To record several GC-optimized points, high-frequency requests must be noted:

1, the function should try not to return to map, slice object, this frequently called function will bring pressure to the GC.

2, small objects to be merged.

3, the function frequently creates simple objects, returns the object directly, the effect is better than the return pointer effect.

4, can't avoid, can use sync. Pool is used, although some people say it is not recommended to use sync after 1.10. Pool, but in terms of pressure measurement, it is still used effect, heap accumulation allocation size can be reduced by more than half.

5, type conversion to note that the official usage of the consumption is particularly large, recommended the use of rain marks way.

6, avoid creating slice repeatedly.

Related Article

Contact Us

The content source of this page is from Internet, which doesn't represent Alibaba Cloud's opinion; products and services mentioned on that page don't have any relationship with Alibaba Cloud. If the content of the page makes you feel confusing, please write us an email, we will handle the problem within 5 days after receiving your email.

If you find any instances of plagiarism from the community, please send an email to: info-contact@alibabacloud.com and provide relevant evidence. A staff member will contact you within 5 working days.

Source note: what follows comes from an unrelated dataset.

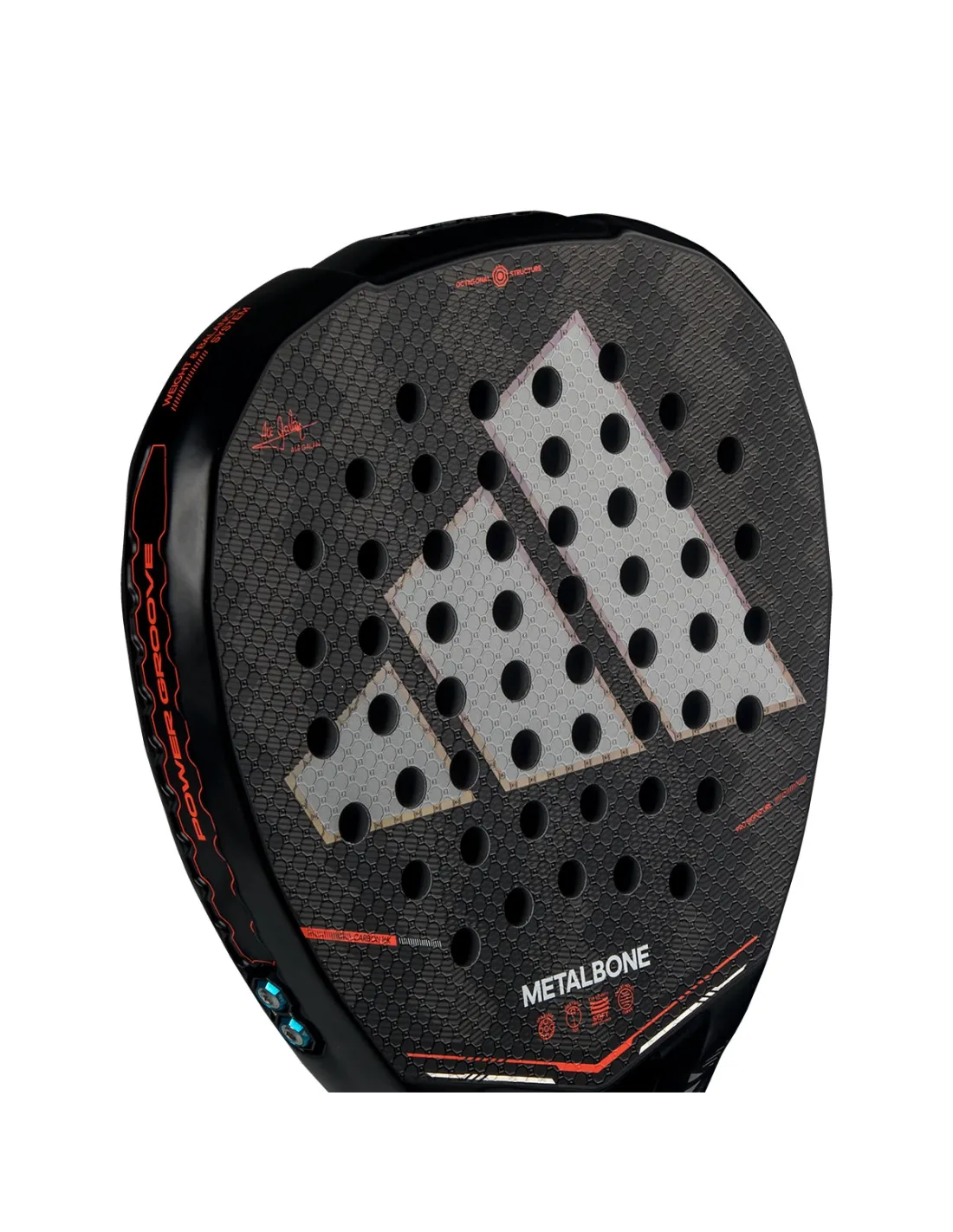 The Metalbone 2026 from Adidas is synonymous with innovation and performance in the world of padel. As the official Racket of Ale Galán, this technological gem is designed to offer unmatched power and precise control. Its diamond-shaped design and elevated sweet spot make it ideal for players looking to dominate the net with an offensive game. Thanks to its exclusive Weight & Balance System, you can adjust its weight between 345 and 360 grams (+/-11.2 g), allowing you to customize the balance according to your playing style. Made with aluminized carbon 16k, this Racket guarantees exceptional stiffness and durability that withstands the most demanding matches. Its polyhedral Low Poly design provides a firmer structure, increasing the power of each shot without sacrificing precision.
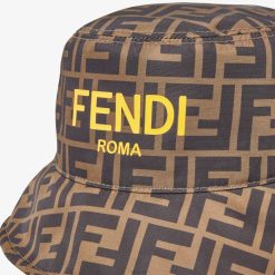 Gorro cloche junior reversible de nailon. amarillo con estampado fendi roma en un lado y logo ff color tabaco estampado en toda la superficie en el otro.

A Free Trial That Lets You Build Big!

Start building with 50+ products and up to 12 months usage for Elastic Compute Service

  • Sales Support

    1 on 1 presale consultation

  • After-Sales Support

    24/7 Technical Support 6 Free Tickets per Quarter Faster Response

  • Alibaba Cloud offers highly flexible support services tailored to meet your exact needs.